In 1962, Calle was among the first group selected to participate in the NASA Art Program. Calle contributed a pair of complementary five-cent stamps issued in 1967 as part of the Accomplishments in Space Commemorative Issue, with the right stamp showing the Gemini 4 space capsule with the Earth's horizon as a backdrop, while the left stamp showed astronaut Ed White making the first American spacewalk. His best-known stamp was designed to mark the first human Moon landing and was issued in September 1969, showing an astronaut stepping out onto the surface of the Moon. The Apollo 11 crew carried with them a die proof of Calle's Moon-landing stamp, which was hand canceled by the astronauts while on the mission. Calle had been given exclusive access to be with the astronauts on July 16, 1969, while they made their final preparations for the Apollo 11 mission. The sketches he made based on his experiences that day have been displayed at the National Air and Space Museum and at the National Gallery of Art. Together with his son Chris, Calle returned to the subject of space exploration with a pair of stamps issued in 1994 in honor of the 25th anniversary of the Apollo 11 mission and the first human Moon landing.

===Works===

Calle produced dozens of postage stamp designs, featuring such individuals as Douglas MacArthur and Robert Frost.

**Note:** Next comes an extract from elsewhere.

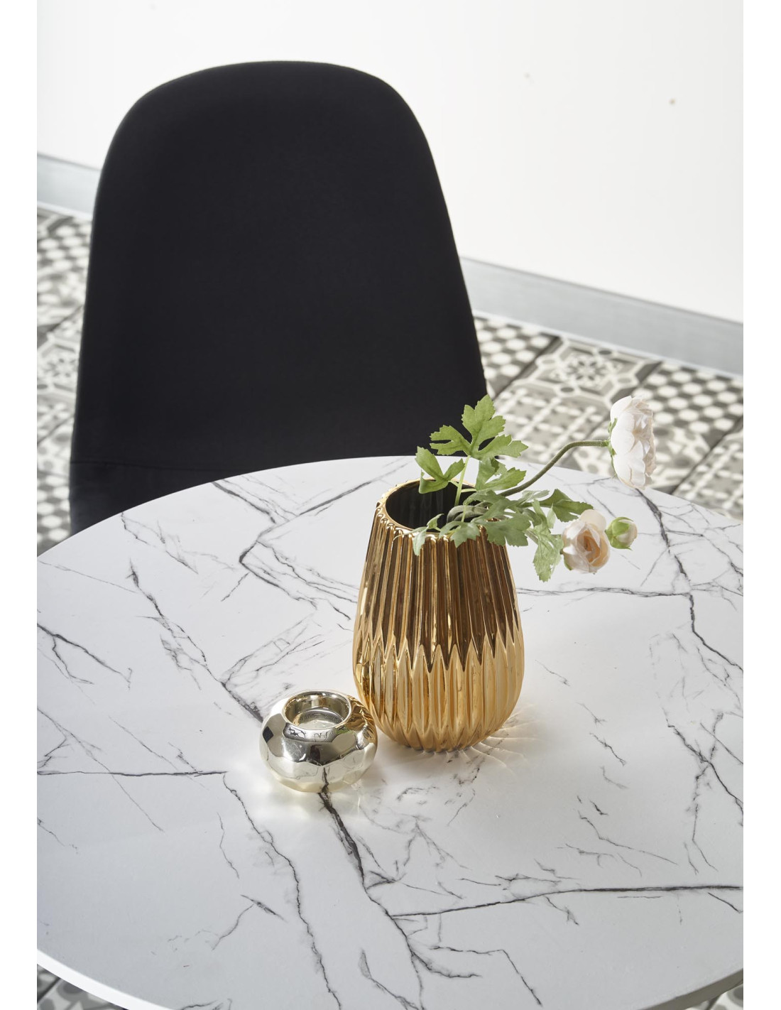 Stół DENVER wyróżnia się eleganckim białym marmurowym blatem oraz minimalistyczną białą podstawą, co czyni go idealnym do nowoczesnych aranżacji.

He also produced Western-themed artworks that have been shown at the National Cowboy & Western Heritage Museum, as well as a 1981 stamp honoring Frederic Remington. His depictions of the American West have been included in the collections of the Gilcrease Museum in Tulsa, Oklahoma and at the Booth Western Art Museum in Cartersville, Georgia.

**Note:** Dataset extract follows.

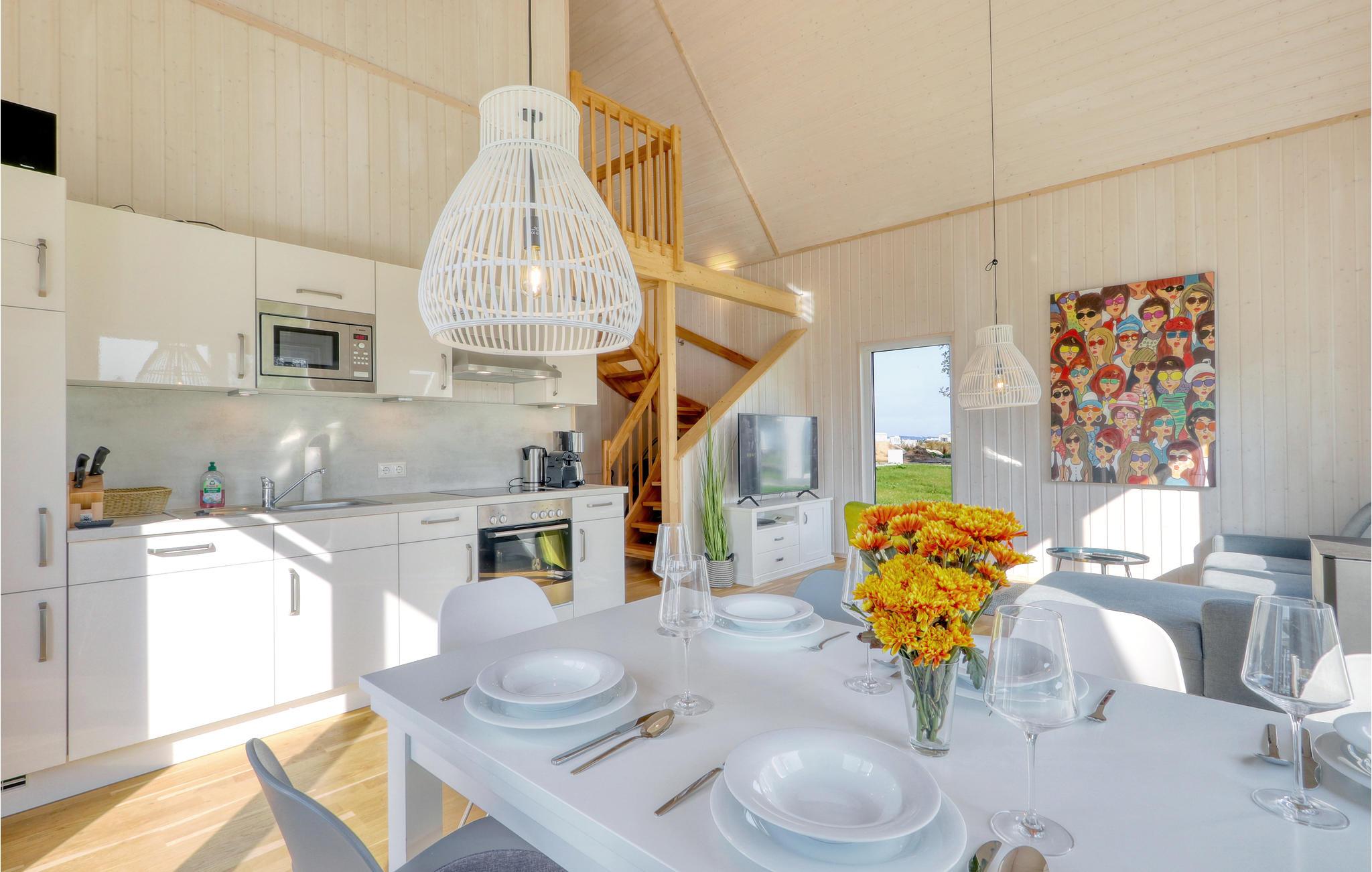 Dieses gemütliche Holzhaus "Strandhaus Sontje" liegt im Ferienpark OstseeResort Olpenitz in unmittelbarer Nähe zur Ostsee. Hier finden Sie und Ihre Lieben alles, was Sie für einen gelungenen Urlaub brauchen, insgesamt ist ausreichend Platz für bis zu 6 Personen. Im Erdgeschoss des Hauses liegen zwei der insgesamt drei Schlafzimmer sowie der große, loftartig angelegte Wohn- und Essbereich.

===Health, later life, and death===

After doctors discovered that his melanoma had metastasized, he was placed on intravenous Ipilimumab, an experimental treatment being tested by Bristol-Myers Squibb that is meant to improve the response by the immune system to fight cancer. An initial course of treatment with the test drug combined with chemotherapy left no trace of the cancer in his body. A resident of Stamford, Connecticut, Calle died there at the age of 82 on December 30, 2010, of melanoma. He was survived by a daughter, two sons and six grandchildren. His wife Olga died in 2003; they had been married for more than 50 years.